Dans ces bois obscurs, il fait froid ; les pas crissent dans la neige, le vent glace les ossatures et les stalactites qui pendent des arbres carillonnent tristement. La folie comme seule compagne d'infortune, et la lune qui nargue par dessus les branches.

Errant de plages en plages à la recherche d'une éclaircie dans ces paysages désolés et sombres comme l'intérieur d'une tombe, l'imagination dessine bientôt des images palpables d'un film inexistant. Fantômes, spectres, et autres créatures fantasmagoriques venant peu à peu peupler les visions de ce conte en noir et blanc. Les cordes pleurent et se fondent en longues complaintes, conférant à l'ensemble de ce disque une aura pesante comme une tenture de velours dressée dans la neige durcie d'un froid hiver islandais. Mais à mi chemin, « Self » et son cortège de notes dissonantes (mais qui du zither ou du gamelan est cet instrument fascinant d'où émanent de si ensorcelantes vibrations?) empruntent une voie sous le couvert des branchages lourds de secrets jalousement gardés. En une gracieuse procession, se dressent alors les premiers feux dansants de souvenirs figés.

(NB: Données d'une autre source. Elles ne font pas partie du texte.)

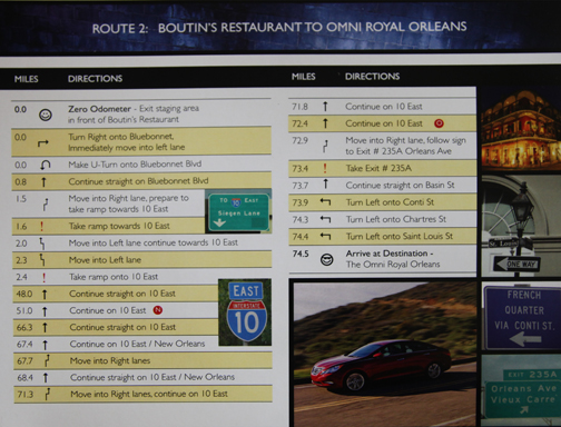 Al día siguiente, probamos el auto desde New Orleans hasta Baton Rouge, ambas ciudades distantes unas 70 millas entre sí. En la mañana temprano, tras el breefing tecnico con Michael Deitz, abordamos los autos aparcados frente al hotel, y cruzamos el barrio francés no a pie como la víspera, sino a bordo del Sonata para emprender la ruta de prueba. |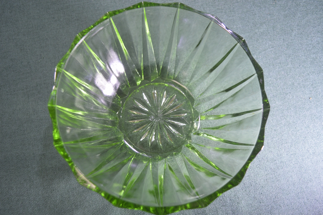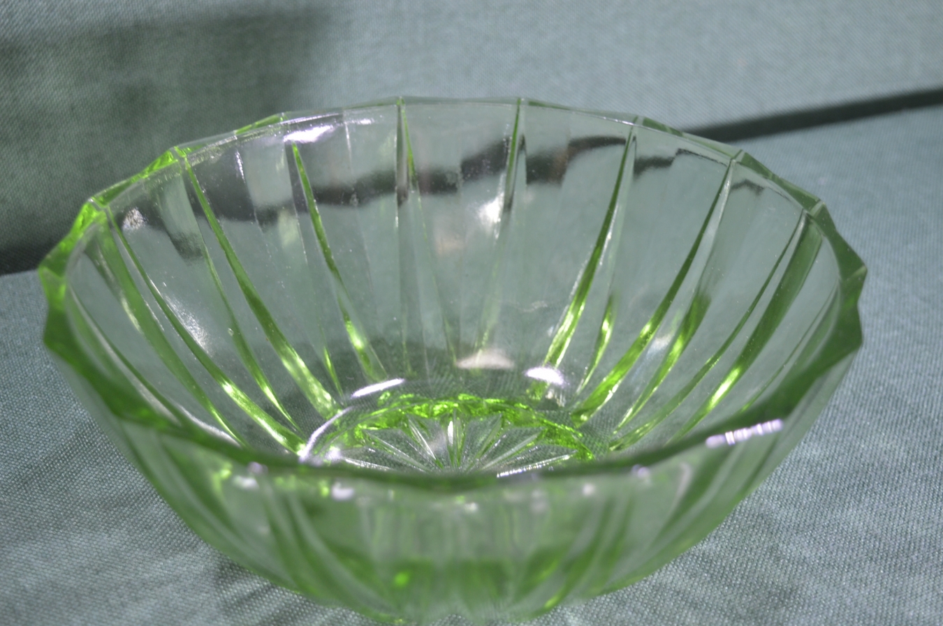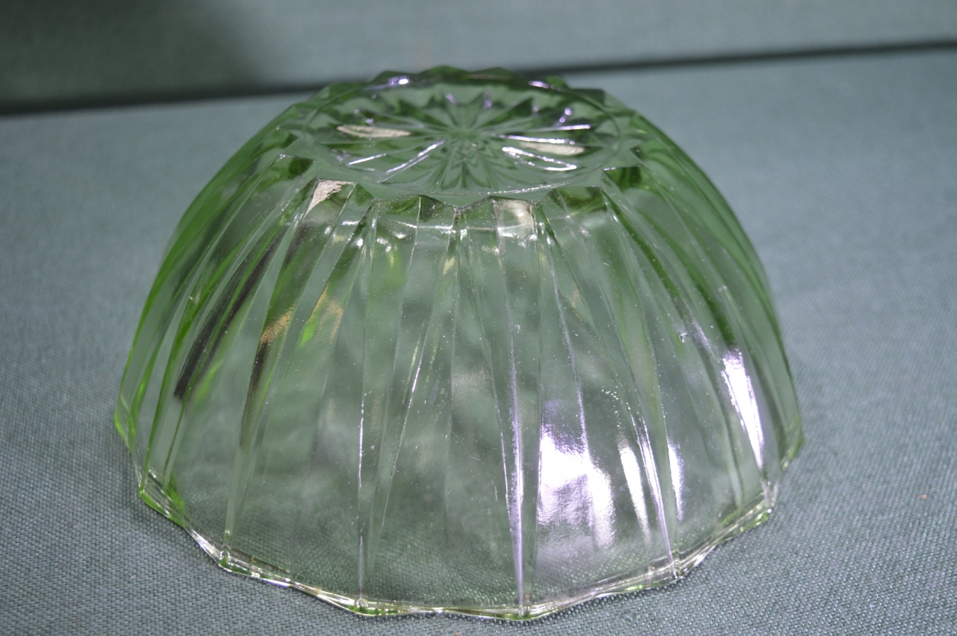 Миска стеклянная для конфет, фруктов. Зеленое стекло. СССР.

Beau, mais terriblement sinistre, froid, mais superbement brodé, ce disque continue sa progression virevoltante et le contraste saisissant entre les instruments graves et cristallins accentue le sentiment d'hébétude face à tant de subtilité. S’achevant dans un scintillement suggérant subtilement l'espoir et l'issue à emprunter pour sortir de cette forêt oppressante. Pris par la main d'Hidur Ingveldardóttir Gudnadottir, passants, trouvez votre chemin.